This thesis explores the innovative potential of active acoustic metamaterials in the manipulation of sound waves through dynamic control and topological principles. Traditional acoustic metamaterials, while capable of achieving remarkable feats such as negative refraction and cloaking, are limited by their passive nature. This work addresses this limitation by introducing active components, enabling real-time tunability and reconfigurability of acoustic properties.

The primary contributions of this research include the use of active electroacoustic resonators, which serve as the fundamental building blocks of a modular active metamaterial called active metacrystal. These resonators are equipped with a real-time feedback control scheme, allowing dynamic adjustment of local and non-local properties of the crystal.

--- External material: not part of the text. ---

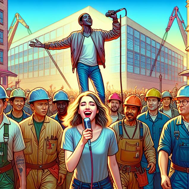 ChatGPT: A young American Idol winner excitedly walks through a bustling Alaskan town, passing by a group of experienced millwrights working on a new construction project. Their ages vary, but the winner's youthful energy adds a vibrant contrast to the seasoned expertise of the millwrights.

This capability facilitates the realization of a tunable Su-Schrieffer-Heeger acoustic metacrystal, a one-dimensional topological insulator, demonstrating dynamic control over topological phases through virtual displacement of resonators within the unit cell. The thesis extends the exploration of topological acoustic metamaterials into the nonlinear regime, investigating the emergence of amplitude-dependent topological interface states. These states exhibit robustness against perturbations, providing insight into the interplay between nonlinearity and topology. Additionally, the study delves into non-reciprocal topology, focusing on the non-Hermitian skin effect, and demonstrates the localization of amplitude-driven acoustic modes at the boundaries of the metamaterial through active control. Finally, the research establishes interdisciplinary connections by drawing analogies between active acoustic metamaterials and the cochlea, suggesting that these metamaterials could serve as a model for understanding the complexities of the human auditory system.

The findings of this thesis not only advance our understanding of topology through active acoustic metamaterials, but also open up new avenues for exploring physical phenomena through analogy.